You can use a low voltage receptacle at the termination point. The orange ones I used have a hole in the top and bottom that conduit could be fed into but there's no locking mechanism. If you tie down the conduit to the stud it shouldn't move much laterally. It can however move up and down a bit when you snake your wires through it. You can also get double gang and triple gang boxes if you need them for bigger wall plates.


67kato said:


> 2. I assume that half the speakers will be free standing (yes or no?) so where should I mount the terminations?


Probably at no lower that normal receptacle height (1ft or so) for floor mounted speakers. It's only for aesthetics so what ever you think looks nice is acceptable.


67kato said:


> 3. Is there any reason to run 5e wire to the speaker locations?


Not unless you plan on having a network device there. A single run of cat5e isn't the best for speaker wire, although I've seen some people use it as such. If your conduit is sized right you can fish new wire as needed down the road.


67kato said:


> 4. Should I be looking into anything else?


- Connections for subwoofer(s), butt kickers, step lighting, IR repeaters if your closet is not at the front, etc.
- Use the largest diameter conduit you can so that running cables in the future is easy.
- Watch bends in conduit and use the glue sparingly (but enough to work). Rough edges or excess glue on the inside of the conduit can snag cables and make fishing difficult.


----------



## 67kato (Jan 30, 2008)

Thanks for the input Matrix Dweller. 

Since my last reply I went off on the electrical. We drilled lots of holes and ran a lot of wire but we are still not done. I found the low voltage outlets and connections to the flexible conduit at our local Home Cheapo. The terminations snap into the conduit and then lock into the outlets. They go together real easy. I also picked up and installed a bunch of 4" recessed lights. We wired for rope lights in the soffits. I started looking into the projector placement as well. We have the room to run 1 1/2" conduit to it with only two bends but I am having a difficult time figuring out where it will go in the ceiling without actually having the unit yet!!!! Any ideas????

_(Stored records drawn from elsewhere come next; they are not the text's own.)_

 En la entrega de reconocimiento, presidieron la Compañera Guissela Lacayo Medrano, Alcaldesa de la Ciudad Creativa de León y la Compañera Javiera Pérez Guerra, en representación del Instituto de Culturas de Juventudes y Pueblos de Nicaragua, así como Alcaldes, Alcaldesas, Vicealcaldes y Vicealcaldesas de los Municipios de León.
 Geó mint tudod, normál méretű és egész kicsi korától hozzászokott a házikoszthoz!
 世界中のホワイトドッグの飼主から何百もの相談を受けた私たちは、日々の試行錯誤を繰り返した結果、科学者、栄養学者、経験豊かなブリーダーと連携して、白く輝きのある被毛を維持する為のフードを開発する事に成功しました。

I am still looking into the surround speaker placement. As per Brian's suggestion and other posts I've read, the surrounds will be about 6~6.5' off of the ground, so we will mount the terminations up that high.

The bass shakers are definitely in the plan. I will run power and flexible conduit to the risers. Is there anything else that is needed?

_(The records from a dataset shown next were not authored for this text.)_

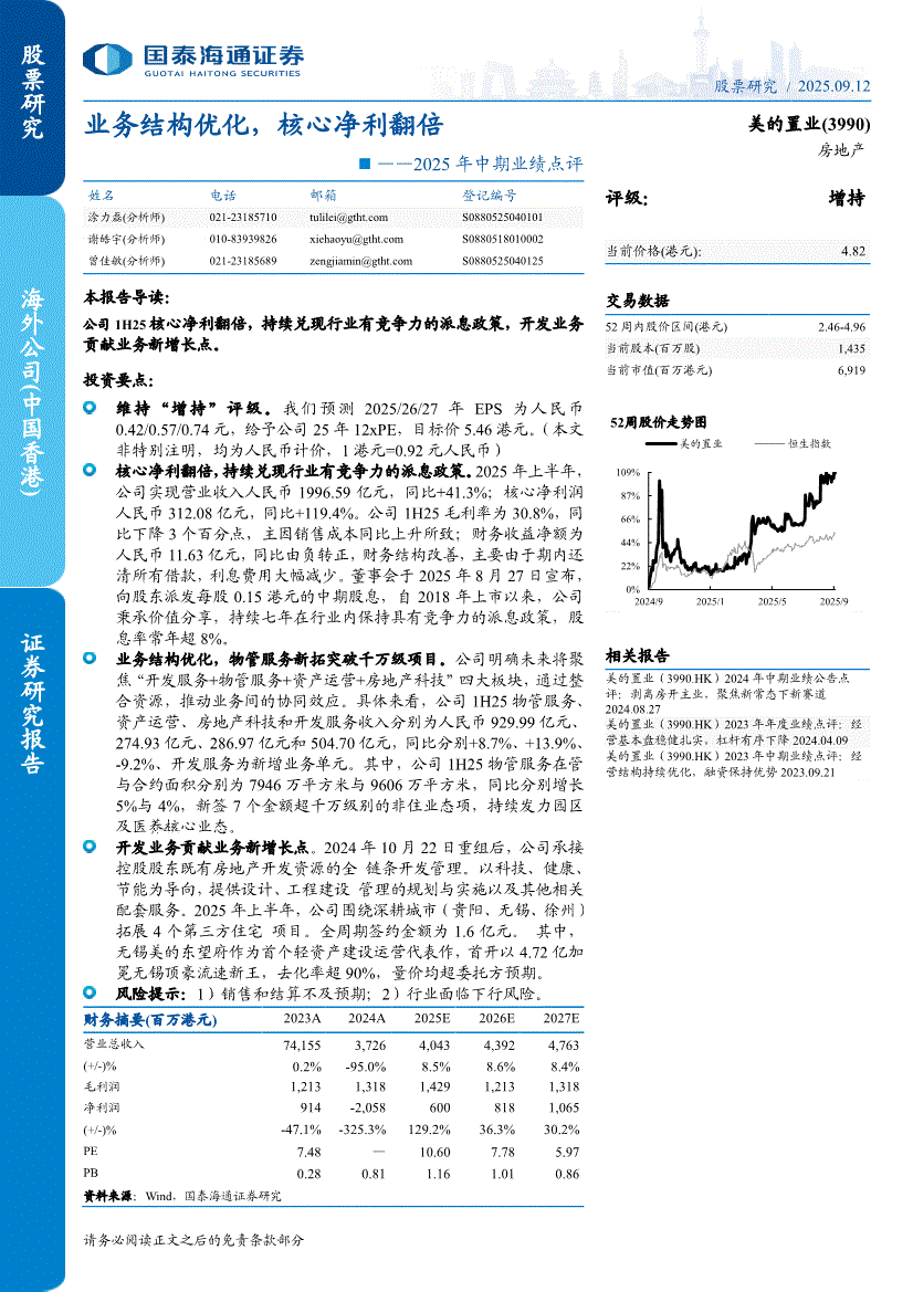 美的置业:国泰海通证券-美的置业-3990.HK-2025年中期业绩点评:业务结构优化,核心净利翻倍-250912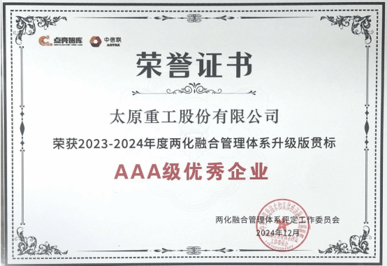 近日,乐鱼在线注册_乐鱼(中国)成功获评2023-2024年度两化融合管理体系升级贯标AAA级优秀企业,成为山西装备制造业首家被工业和信息化部认可的国家两化融合管理体系AAA级的企业,标志着公司成为行业前列的两化融合管理示范企业。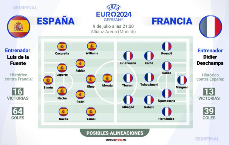 La selección española masculina de fútbol buscará este martes (21.00 horas/La 1) en el Allianz Arena de Múnich la final de la Eurocopa que se está disputando en Alemania frente a otro obstáculo de nivel como el que representa la Francia de Kylian Mbappé, un equipo de gran fortaleza y que llega a estas semifinales después de haber mostrado poco del brillo que se le presupone. España sueña con su quinta final en el torneo continental y en convertirse en la más laureada de la historia el próximo 14 de julio, fecha especial para su rival en la capital bávara, ya que es la Fiesta Nacional del país, que conmemora la toma de La Bastilla en 1789. La ‘Roja’ es la que quiere conquistar ahora una simbólica fortaleza que representan unos ‘Bleus’, que no se le han dado demasiado bien en cruces en su historia, el último, perdido (2-1) en la final de la Liga de Naciones de 2021 donde compitió y tuteó a la entonces campeona del mundo. La primera semifinal mide a los de Luis de la Fuente, que han sobresalido por su valentía y verticalidad, y a los de Didier Deschamps, deseosos de levantar por fin el título continental después de un ciclo bastante positivo, pero no del todo redondo (finales perdidas de la Eurocopa en casa de 2016 y del pasado Mundial y eliminación en octavos de la anterior Eurocopa), y cuyo fútbol apenas ha sido significativo pese a contar con una buena nómina de jugadores que encabeza el ‘enmascarado’ Mbappé. La actual campeona de la Liga de Naciones ni siquiera se achicó por la multitud que llenó el MHPArena el pasado viernes para llevar en volandas a la ‘Mannschaft’, eliminada por el majestuoso cabezazo de Mikel Merino en el último suspiro. El tanto del navarro…

I haven't thought much about it yet, but what is necessary up front for power, signal? IR is not necessary because we will have line of sight to the components. I do plan on installing a permanent screen.

I have about two weeks to hang sheetrock before the taper comes, so I am moving fast. I want to get the electrical stuff ironed out so that we still have time to insulate. fun fun fun......

Thanks,

Kato


----------



## bpape (Sep 14, 2006)

OK. Now you have the height. Now where front to back (side surrounds) and side to side (rears) are you going to put them? That's going to depend on the seating position. Screen size also depends on seating position. PJ, PJ mounting position, etc. is determined by screen size and seating position. Seeing a pattern here?

Seating position needs to be considered VERY VERY early in the process. It really drives everything else if you're doing it properly. Many many people make the mistake of doing seating last and letting everything drive IT, instead of the other way around.

Bryan


----------



## MatrixDweller (Jul 24, 2007)

67kato said:


> I started looking into the projector placement as well. We have the room to run 1 1/2" conduit to it with only two bends but I am having a difficult time figuring out where it will go in the ceiling without actually having the unit yet!!!! Any ideas????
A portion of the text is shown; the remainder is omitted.